Anyone have a method for smoking pumpkin seeds?
Just got done with the jack o' lanterns. Was about to toast them in the oven and my brain went <ding!>


----------



## Dutch (Oct 30, 2009)

Normally, I soak the seeds in salt water, drain and then put them in a 200-250* oven until they are dry. I start them at 250* to give them a good start at drying out and then turn the temp down 25* after 35-40 minutes. I start checking them (taste testing) after they have been in for an hour. They are usually done within an hour to an hour and a half. You should be able to get the same results by putting the seeds in a 230-250* smoker. I would forgo the salt water soak and just put them into the smoker on a cookie sheet or lay a piece of cheese cloth on a rack and place the seeds on the cloth. With the cheese cloth you would get better smoke circulation.


----------



## waysideranch (Oct 30, 2009)

Smok'm in a little melted butter poured over the top.  So da*m good.


----------



## the dude abides (Oct 30, 2009)

Never smoked 'em.  But almost always do them in the oven.  Soak them in salt water for about 30 minutes, dry them off best you can with a kitchen towel, spread them in an even layer on a cookie sheet, lightly dust them with table salt and sometimes a little granulated garlic and off to a 225* oven til they start to brown just a little.

But I don't see any reason you couldn't do the same thing in a smoker.

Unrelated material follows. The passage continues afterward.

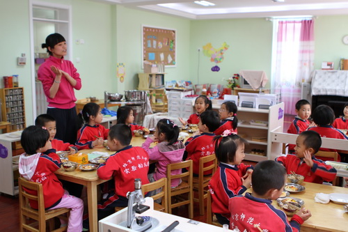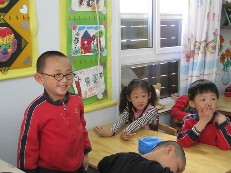 大班的孩子们踊跃表达对幼儿园的生日祝福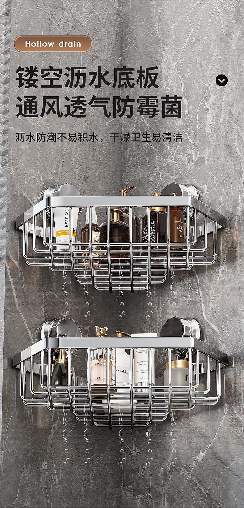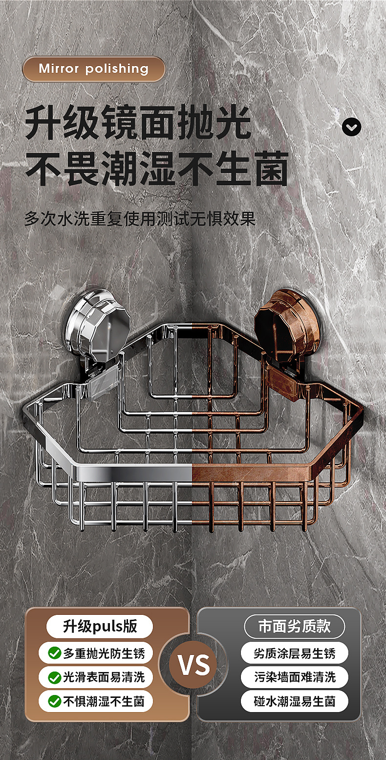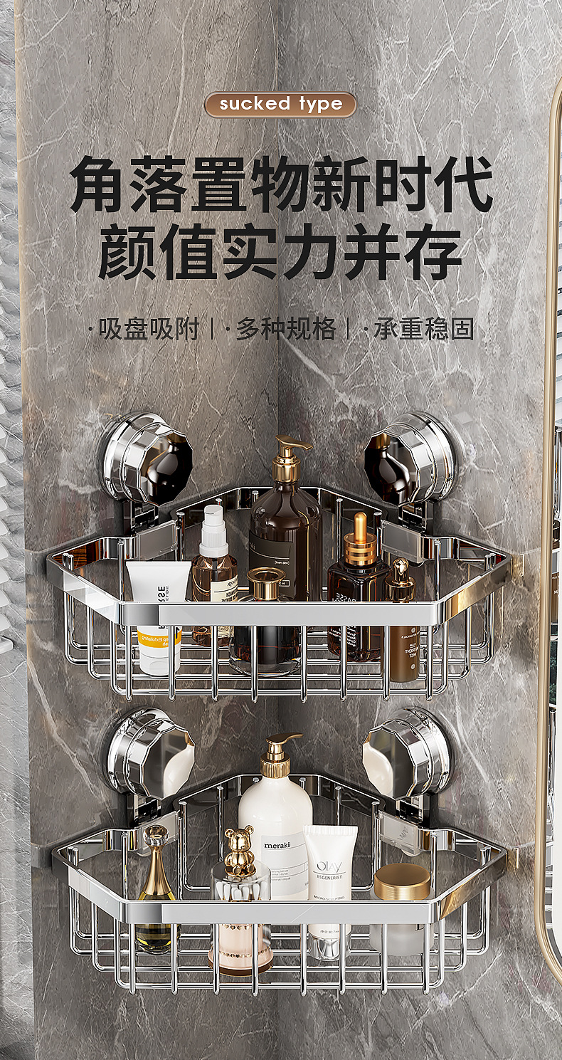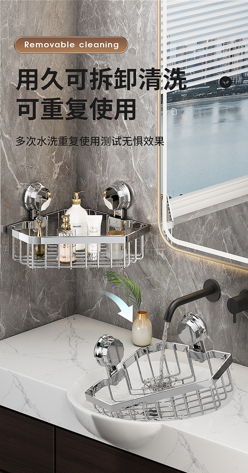 가벼운 욕실 화장실 랙 스테인레스 스틸 비 펀치 화장실 벽 저장 바구니 벽걸이 흡입 컵

Let us know how it goes.  And be sure to include some pictures.


----------



## richtee (Oct 31, 2009)

The butter is good. Can clarify it for a longer "life" if needed.

Also just a package of powdered ranch mix works well too!


----------



## richoso1 (Oct 31, 2009)

Dutch, I'm going to try smoking them in the cheese cloth you mentioned. I probably will sprinkle a little hickory smoked sea salt on them. Thanks for the good tip on the cheese cloth.


----------